Aquecimento Global

Com a voracidade que nos é peculiar
solapamos o direito de outrem compartilhar
esse pequeno ponto azul que nos foi dado habitar.
Matamos bichos, árvores, águas e o próprio ar.
Agora, o Aquecimento Global sinaliza
que é tempo do homem acabar.

Pandemônio, caos, vigílias, promessas e muito rezar.
Talvez alguma religião possa nos consolar.
 
Pastores, padres, bispos e pais de santo põe-se a clamar:
misericórdia!

Carolas gritam que é o anticristo a chegar,
e imploram aos Céus, mas não descem anjos para ajudar.
Nos terreiros, os Orixás não aparecem para nos salvar.
Kardecistas, insistem, porém o "espírito de luz" deixou-se ficar. Confuncionistas, pregam obediência a quem for nos mandar.
Budistas, afirmam que só a YOGA pode nos remendar.

E filósofos põe-se a teorizar,
enquanto os práticos põe-se a aproveitar:
bêbados a gargalhar, loucos a dançar e virgens a namorar.
Otimistas dirão que o copo está a transbordar.
Pessimistas, que o copo irá quebrar.
Jovens não ligam. Idosos hão de lamentar.
Militares põe-se a coordenar,
maus políticos a se locupletar (pois a coisa pode melhorar).

E terroristas e fundamentalistas deixam de lutar.
Já não há o "Deus Certo" a quem se deve adorar.

*Afinal, sem homem, para que Deus?

Os cavaleiros apocalípticos reinam e o horror chega para ficar. Há fome, sede e peste. Nada pode sobrar, como disse Deus a Josué em nosso limiar.

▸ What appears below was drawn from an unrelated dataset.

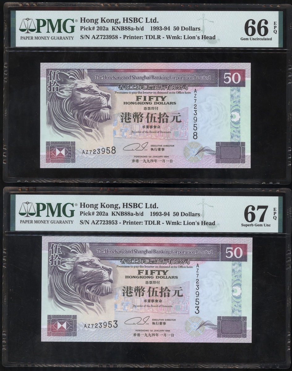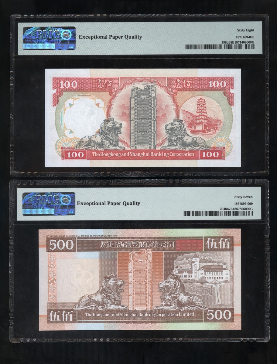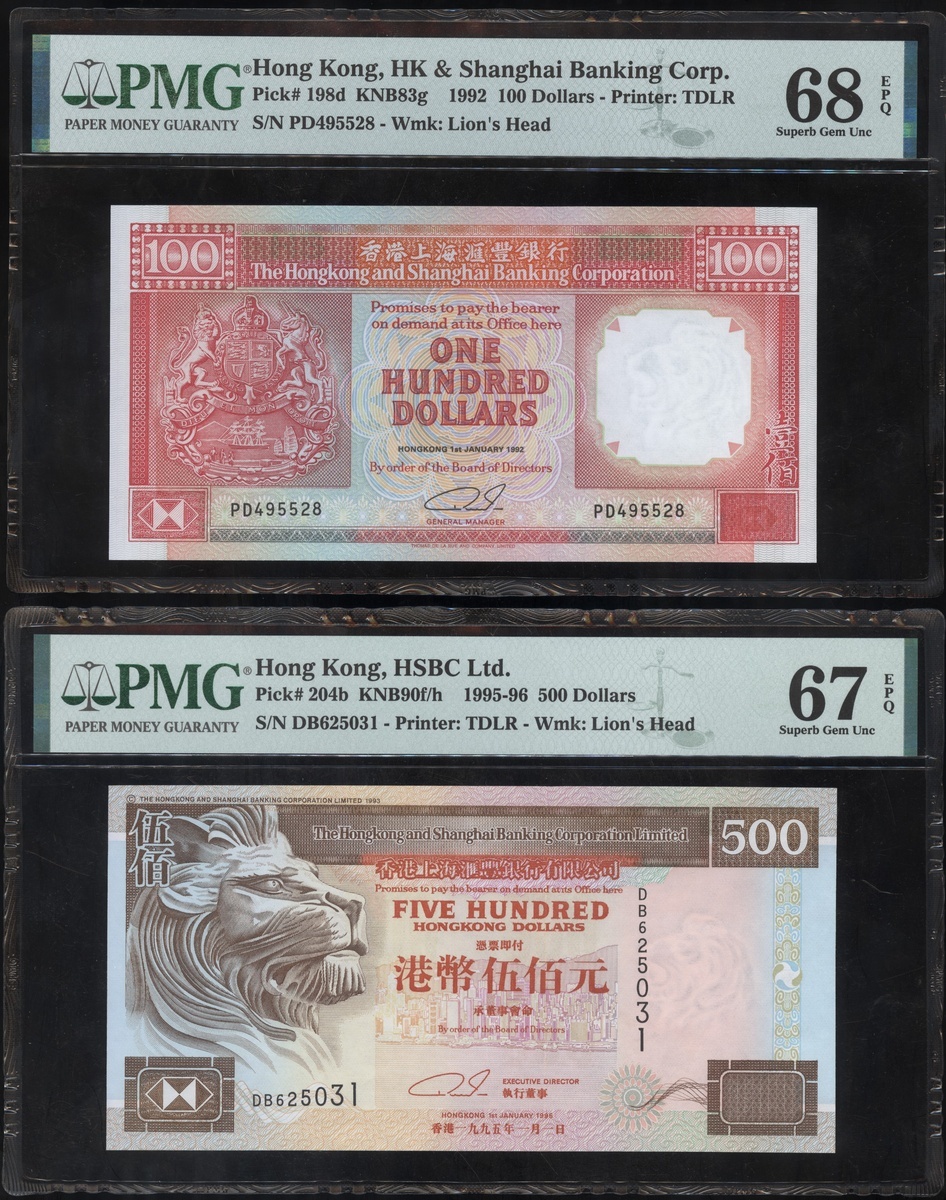 The Hongkong and Shanghai Banking Corporation, a group of 6 notes, consists of 2x $50, 1.1.1994, 3x $100, 1.1.1989 and 1.1.1992, and 1x $500, serial numbers AZ723953, AZ723958, GW357394-95, PD495528 and DB625031, (Pick 202a, 198a, 198d and 204b), graded PMG 66EPQ-68EPQ (6).

Os países ricos ficam a derivar, os pobres continuam a mendigar. Todos a delirar. As raças perderão do que se orgulhar. Ou do que se envergonhar. Se tudo já não têm sentido, por que sonhar?

A Terra aquece e a Natura expulsa a espécie que lhe calhar. É o fim da história, da cultura, da filosofia. O máximo que se pôde criar. Do minimo, nem é bom falar.

Mas, talvez, quem nos substituir seja mais sábio. Compreenda o bicho pequeno (mestre Camões) que vive neste pátio e ainda que imagine catedrais, contentar-se-á com o átrio, pois saberá que um passo a mais, é invasão, sórdido desejo e Poder em vão.

Co-habitará com outras espécies, mas será Senhor apenas de si. Não se rebaixará a roubar alheias messes. Constituirá, quiçá, novas sociedades, artes e filosofia e saberá que ao não matar, o quanto se cria.

Por fim, entenderá que a morte do indivíduo não é um elo partido. É apenas a vida mudando de vestido. Um leve, diáfano tecido.

Haverá, quem sabe, de viver mais sem que o seu tempo seja estendido. Também saberá que não há hierarquia, pois esta é apenas um devaneio da esquizofrenia.

Admitirá Darwin, pois tudo evolui, mas rejeitará Spencer, pois vê que sem barreiras, o rio melhor flui.

E quando chegar a hora de sua espécie descer deste trem, fará de maneira sóbria, sem tamanho alarde.

Saberá que tudo passa, assim como o azul de qualquer tarde.




* Inspirado na poética de F. Dostoiévski, in "Irmãos Karamazov".